Gli uomini della divisione anticrimine della polizia insieme ai carabinieri di Alatri sono riusciti a risalire ai componenti di due gruppi rivali. Hanno un'età compresa tra 17 e 49 anni e tutti sono stati raggiunti dal daspo emesso oggi dal questore Domenico Condello. Una delle due risse è stata ripresa da una telecamera di sorveglianza installata e questo ha permesso di identificare i responsabili.

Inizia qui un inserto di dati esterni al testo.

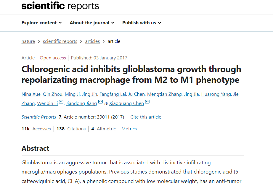 2017年1月上旬,中國(guó)醫(yī)科院藥物研究所聯(lián)合四川九章生物科技有限公司及北京世紀(jì)壇醫(yī)院腦膠質(zhì)瘤科在《Scientific Reports》 上發(fā)布了名為《Chlorogenic acid inhibits glioblastomagrowth through repolarizating macrophage from M2 to M1 phenotype》(綠原酸通過(guò)復(fù)極化使M2型巨噬細(xì)胞轉(zhuǎn)化為M1型巨噬細(xì)胞抑制惡性膠質(zhì)瘤細(xì)胞的生長(zhǎng))的文章,詳細(xì)闡述并論證了注射用綠原酸(四川九章生物科技有限公司研發(fā))促進(jìn)惡性腫瘤細(xì)胞凋亡和抑制腫瘤生長(zhǎng)的機(jī)制,即通過(guò)復(fù)極化上調(diào)腫瘤相關(guān)巨噬細(xì)胞M1表型,抑制腫瘤相關(guān)巨噬細(xì)胞M2表型,同時(shí)促進(jìn)M2型巨噬細(xì)胞向M1型巨噬細(xì)胞的轉(zhuǎn)化。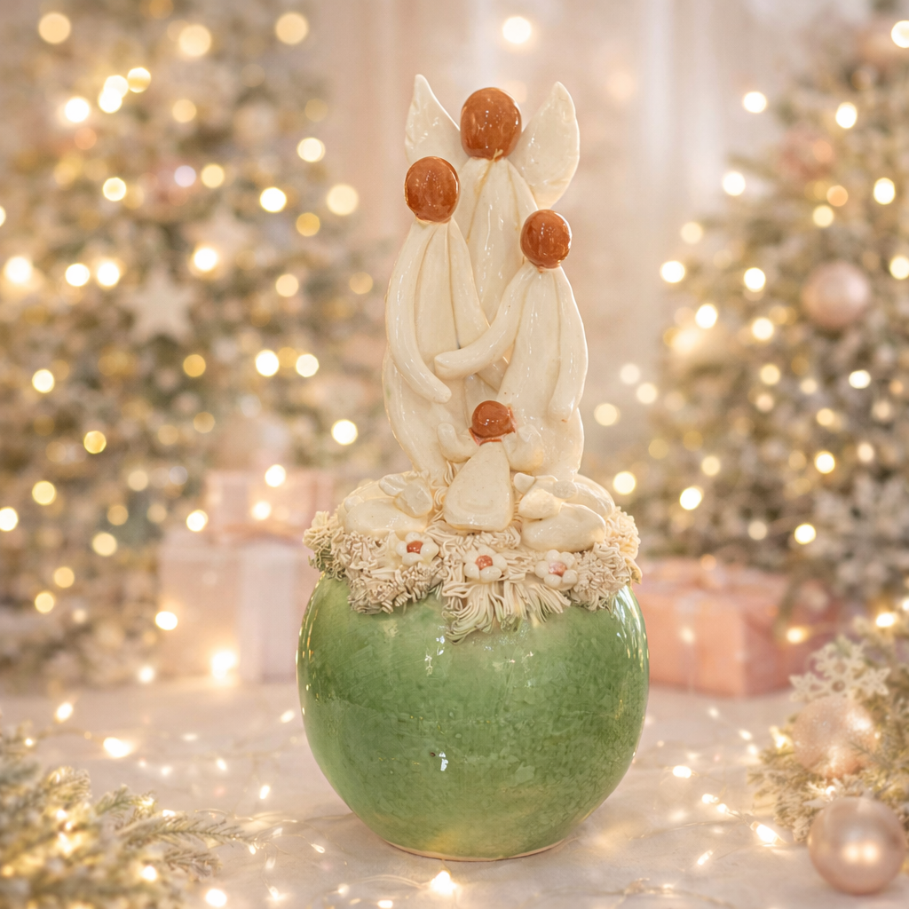 Presépio super fofo e delicado, é uma peça única, moldada em barro, e vidrada.

Accusati dell'omicidio di Thomas Bricca sono Roberto e Mattia Toson, padre e figlio. I due sono arrestati lo scorso luglio e secondo gli inquirenti il loro vero obiettivo era Haoudi Omar, un amico di Thomas che quella sera indossava un giubbotto molto simile a quello del 19enne. Per la procura i Toson hanno seguito il ragazzo e una volta raggiunto il luogo "che ritenevano idoneo per l'omicidio in cui si trovava anche Bricca, spararono almeno due colpi con un revolver all'indirizzo del bersaglio con il giubbotto bianco".

Il movente, ha spiegato il procuratore di Frosinone, è legato proprio alle "due furiose e violenti risse avvenute il 28 e 29 gennaio che ha visto contrapposti due gruppi: da un lato i Toson e dall'altro Haoudi".  Si è trattato di "episodi di estrema violenza a seguito dei quali un componente del gruppo Toson ha riportato gravi ferite".

Come ritorsione, questa l'ipotesi investigativa, i Toson avrebbero tentato di uccidere Haoudi. Ma una prova ‘regina' che inchiodi padre e figlio ancora non c'è. Per il momento la ricostruzione di chi indaga è legata a deduzioni, ma sono ancora in corso le indagini sugli smartphone dei due accusati, che potrebbero fornire indizi decisivi.